# Help me remember...



## Chopin_Fan777 (Apr 22, 2010)

I need some help remembering a sacred work by Rossini. All I remember about it was that it concerned Christ's Second Coming.

Thanks for helping me remember!


----------



## Bix (Aug 12, 2010)

Chopin_Fan777 said:


> I need some help remembering a sacred work by Rossini. All I remember about it was that it concerned Christ's Second Coming.
> 
> Thanks for helping me remember!


This is very tricky as Rossini wrote quite a bit of sacred music and cantatas - you can rule out tantum ergo and the masses as they don't speak so much of the second coming.

There is an opera by Rossini that is based on Saint Adelaide of Italy, also called Adelaide of Burgundy called Adelaide di Borgogna. She predicted that the second coming of Christ would be in the first millenium AD, but died a number of days before thought event.
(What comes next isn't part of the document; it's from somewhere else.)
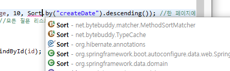 Pageable pageable = PageRequest.of(page, 10, Sort.by("createDate").descending()); //ํ ํ์ด์ง์ 10๊ฐ

http://en.wikipedia.org/wiki/Adelaide_di_Borgogna

I don't know if the oveture will help jog your memory but here it is.


----------



## Chopin_Fan777 (Apr 22, 2010)

Bix said:


> This is very tricky as Rossini wrote quite a bit of sacred music and cantatas - you can rule out tantum ergo and the masses as they don't speak so much of the second coming.
> 
> There is an opera by Rossini that is based on Saint Adelaide of Italy, also called Adelaide of Burgundy called Adelaide di Borgogna. She predicted that the second coming of Christ would be in the first millenium AD, but died a number of days before thought event.
> 
> ...


Thanks for the reply. Actually, my mom's the one wanting to know, and I'm helping her search.

She's absolutely sure it's not from an opera. The piece involved a chorus that sung Latin and it was about the Second Coming (specifically, the end of times).

Once again, thanks for helping


----------